The Use of Regression Statistics to Analyze Imperfect Pricing Policies
The Journal of Political Economy, May 2020
Mark R. Jacobsen (UCSD), Christopher R. Knittel (MIT), James M. Sallee (Berkeley), Arthur A. van Benthem (Wharton)
Corrective taxes can completely solve a variety of market failures, but actual policies are commonly forced to deviate from the theoretical ideal due to administrative or political constraints. This paper presents a method that requires a minimum of market information to quantify the efficiency costs of constraints on the design of externality-correcting tax schemes, or more generally the costs of imperfect pricing, using simple regression statistics. We demonstrate that, under certain intuitive conditions, standard output from a regression of true externalities on policy variables, including the R2 and the sum of squared residuals, has an immediate welfare interpretation—it characterizes the relative welfare gains achieved by alternative policies. We utilize our approach in four diverse empirical applications: random mismeasurement in externalities, imperfect spatial policy differentiation, imperfect electricity pricing, and heterogeneity in the longevity of energy-consuming durable goods. In two cases, we find that policy constraints are relatively harmless, while in the other two cases, the constraint induces large inefficiencies. Regarding the case of durable longevity, we find that policies that regulate vehicle fuel economy, but ignore the differences in average longevity across types of automobiles, recover only about one-quarter to one-third of the welfare gains achievable by a policy that also takes product longevity into account.

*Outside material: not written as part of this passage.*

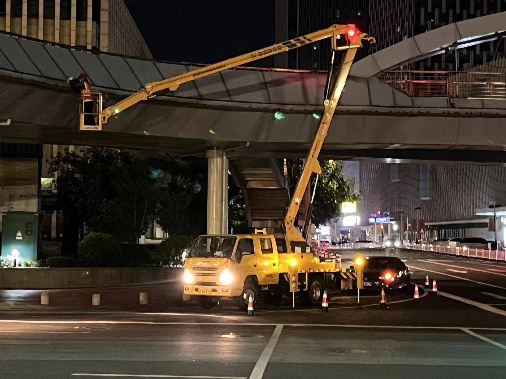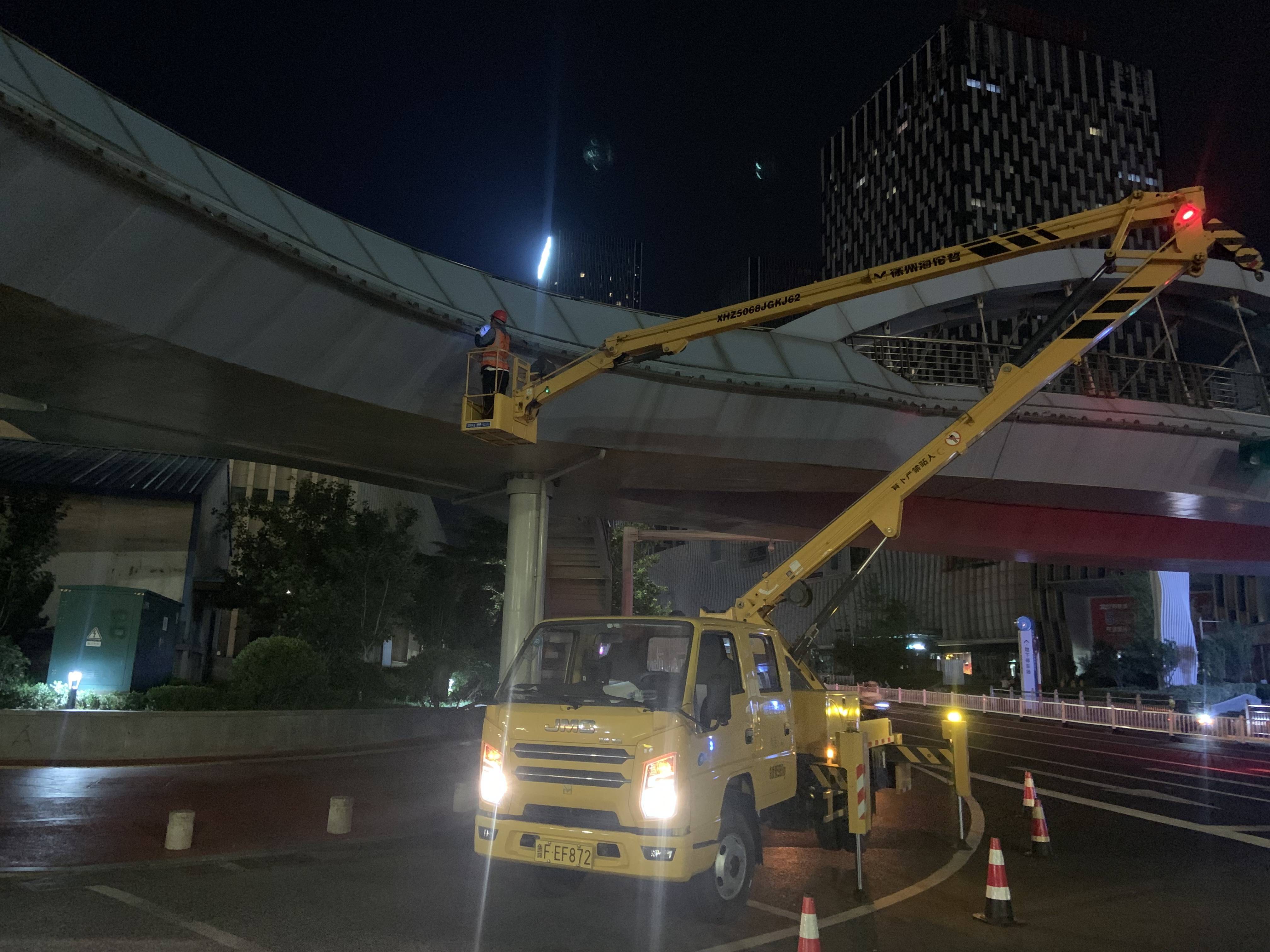 大小新闻7月24日讯(YMG全媒体记者 杨春娜 通讯员 王丽 摄影报道)23日晚上夜晚11点,在芝罘区西南河天桥旁,两台高空施工作业车分别停在天桥两侧,对天桥上的亮化设施进行全面排查整修,为确保施工安全高效,现场工作人员设置安全反光锥和车辆引导标识,两个维修班组同步作业,直至太阳初升才收工。

Attribute Substitution in Household Vehicle Portfolios
The Rand Journal of Economics, December 2020
James Archsmith (UC Davis), Kenneth Gillingham (Yale), Christopher R. Knittel (MIT), and David Rapson (UC Davis)
Household preferences for goods with a bundle of attributes may have complex substitution patterns when one attribute is changed. For example, a household faced with an exogenous increase in the size of one television may choose to decrease the size of other televisions within the home. This paper quantifies the extent of attribute substitution in the context of multi-vehicle households. We deploy a novel identification strategy to examine how an exogenous change in the fuel economy of a kept vehicle affects a household's choice of a second vehicle. We find strong evidence of attribute substitution in the household vehicle portfolio. This effect operates through car attributes that are correlated with fuel economy, including vehicle footprint and weight. Our findings suggest that attribute substitution exerts a strong force that may erode a substantial portion of the expected future gasoline savings from fuel economy standards, particularly those that are attribute-based. Elements of our identification strategy are relevant to a broad class of settings in which consumers make sequential purchases of durable portfolio goods.